## [What the task asks]
As an exercise, transcribe the data below in full and exactly, omitting pictures.

## [Available data]
....

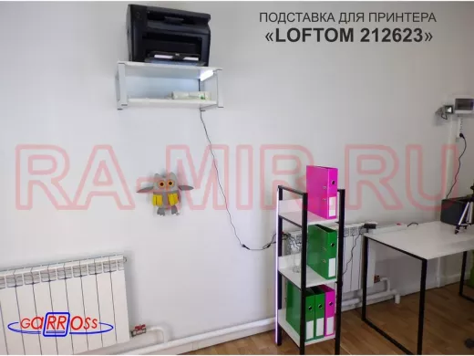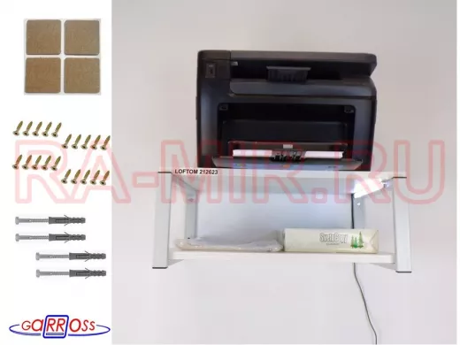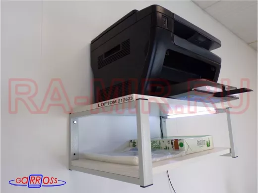 - Полка надежно крепится к стене при помощи анкеров или шурупов с дюбелями, на ней можно разместить принтер, сканер, МФУ и другую офисную технику
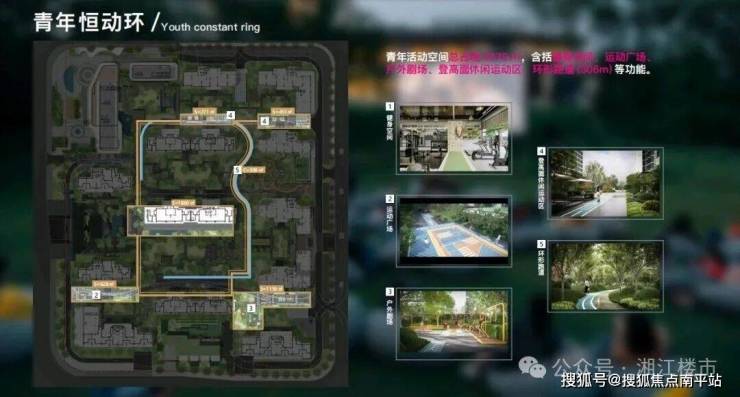 对于年轻人,“青年恒动环”是活力主场,306米环形跑道、力量训练区、户外剧场、景观会客厅等设施,满足运动、社交、休憩的多元需求;而“夜间暖心环”则通过无影灭蚊系统、夜光跑道、智慧灯光系统等配置,让社区夜间如白昼般安全温馨,无论是夜跑还是饭后散步,都能倍感安心。此外,项目重塑传统登高面,运动主题区用明快色块与专业设施激活活力,休闲社交角搭配可移动花箱与舒适座凳,成为邻里闲谈畅聚的温馨角落。
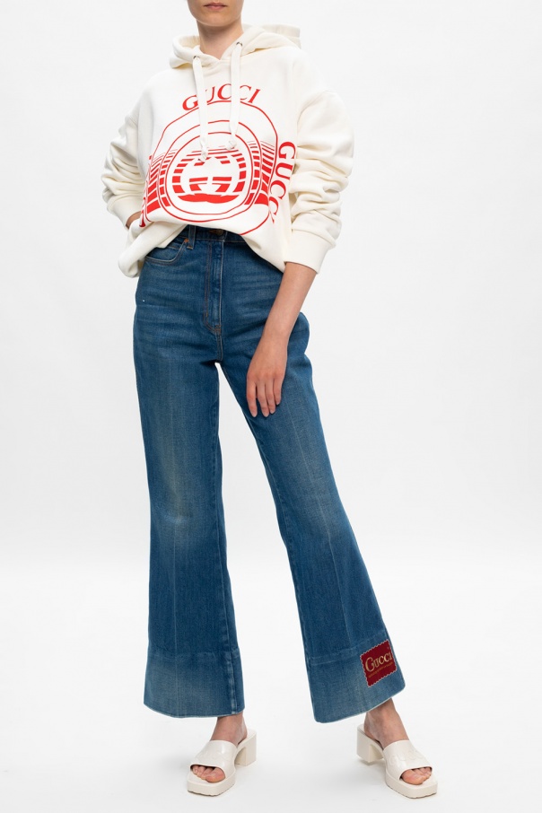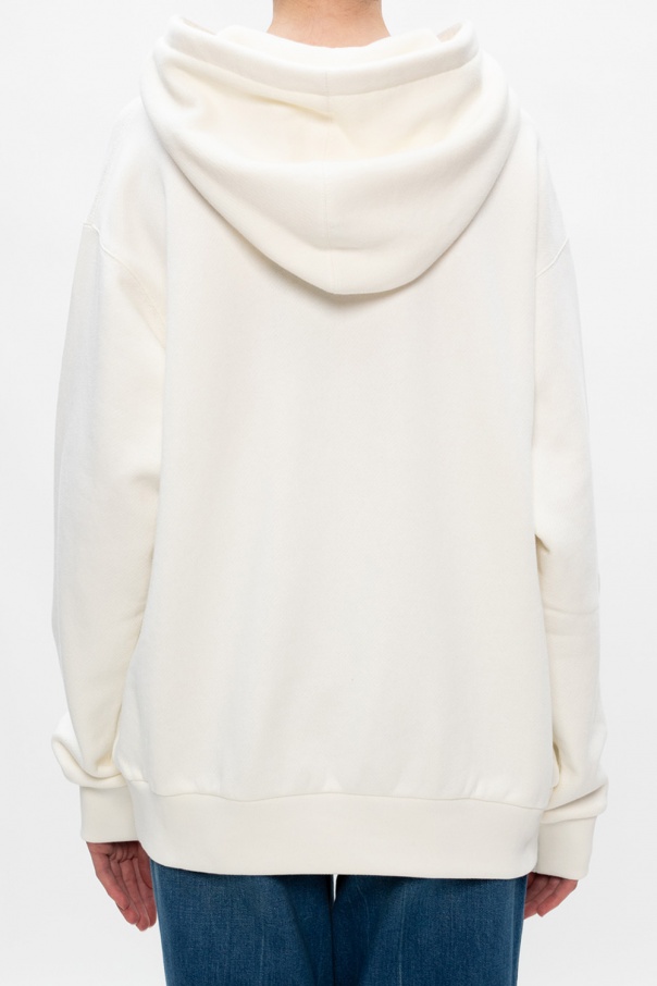 Cream hoodie from Gucci. Made of cotton, this long sleeve design features a red logo print, drawstring hood and ribbed trims.

....

## [Solution]
 - Полка надежно крепится к стене при помощи анкеров или шурупов с дюбелями, на ней можно разместить принтер, сканер, МФУ и другую офисную технику
 对于年轻人,“青年恒动环”是活力主场,306米环形跑道、力量训练区、户外剧场、景观会客厅等设施,满足运动、社交、休憩的多元需求;而“夜间暖心环”则通过无影灭蚊系统、夜光跑道、智慧灯光系统等配置,让社区夜间如白昼般安全温馨,无论是夜跑还是饭后散步,都能倍感安心。此外,项目重塑传统登高面,运动主题区用明快色块与专业设施激活活力,休闲社交角搭配可移动花箱与舒适座凳,成为邻里闲谈畅聚的温馨角落。
 Cream hoodie from Gucci. Made of cotton, this long sleeve design features a red logo print, drawstring hood and ribbed trims.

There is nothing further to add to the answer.